What to work on: Look through the material below. Return exactly the lines from the one with "まず、目地シーリング材をカッターで切り取り、古いものを取り除いていきます。" through the one with "The Amelie is", both included.

==== Data to use

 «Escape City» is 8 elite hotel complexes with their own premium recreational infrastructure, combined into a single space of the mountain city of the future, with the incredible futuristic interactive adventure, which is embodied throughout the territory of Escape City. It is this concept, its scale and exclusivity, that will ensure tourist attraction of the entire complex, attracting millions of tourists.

========
==== Data to use

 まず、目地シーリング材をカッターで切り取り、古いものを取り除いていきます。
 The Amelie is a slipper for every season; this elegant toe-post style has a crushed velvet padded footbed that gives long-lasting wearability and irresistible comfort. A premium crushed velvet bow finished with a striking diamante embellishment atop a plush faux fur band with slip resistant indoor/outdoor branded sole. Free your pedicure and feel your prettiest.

========

Answer to this problem:
 まず、目地シーリング材をカッターで切り取り、古いものを取り除いていきます。
 The Amelie is a slipper for every season; this elegant toe-post style has a crushed velvet padded footbed that gives long-lasting wearability and irresistible comfort. A premium crushed velvet bow finished with a striking diamante embellishment atop a plush faux fur band with slip resistant indoor/outdoor branded sole. Free your pedicure and feel your prettiest.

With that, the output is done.